▸ PROVIDED DATA
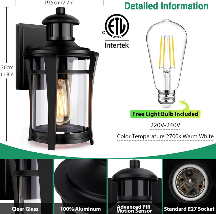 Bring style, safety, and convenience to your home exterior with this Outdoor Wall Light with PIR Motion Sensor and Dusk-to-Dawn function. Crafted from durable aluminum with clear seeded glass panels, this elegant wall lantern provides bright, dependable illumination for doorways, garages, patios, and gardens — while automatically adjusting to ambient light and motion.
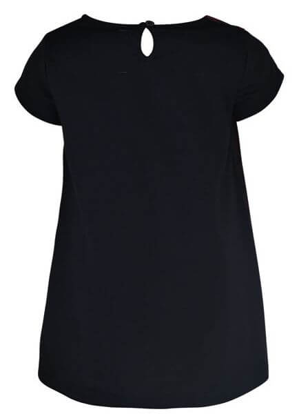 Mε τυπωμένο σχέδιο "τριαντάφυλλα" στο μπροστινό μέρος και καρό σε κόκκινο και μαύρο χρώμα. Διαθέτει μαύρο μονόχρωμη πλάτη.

...

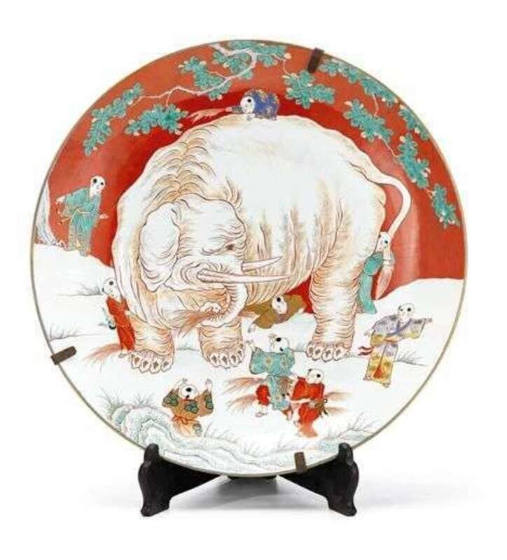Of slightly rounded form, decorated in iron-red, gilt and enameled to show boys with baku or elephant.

▸ WHAT TO DO
Starting at the line that contains "Bring style, safety, and" and ending at the line that contains "Mε τυπωμένο σχέδιο", transcribe the material above exactly, excluding pictures.

▸ TASK SOLUTION
 Bring style, safety, and convenience to your home exterior with this Outdoor Wall Light with PIR Motion Sensor and Dusk-to-Dawn function. Crafted from durable aluminum with clear seeded glass panels, this elegant wall lantern provides bright, dependable illumination for doorways, garages, patios, and gardens — while automatically adjusting to ambient light and motion.
 Mε τυπωμένο σχέδιο "τριαντάφυλλα" στο μπροστινό μέρος και καρό σε κόκκινο και μαύρο χρώμα. Διαθέτει μαύρο μονόχρωμη πλάτη.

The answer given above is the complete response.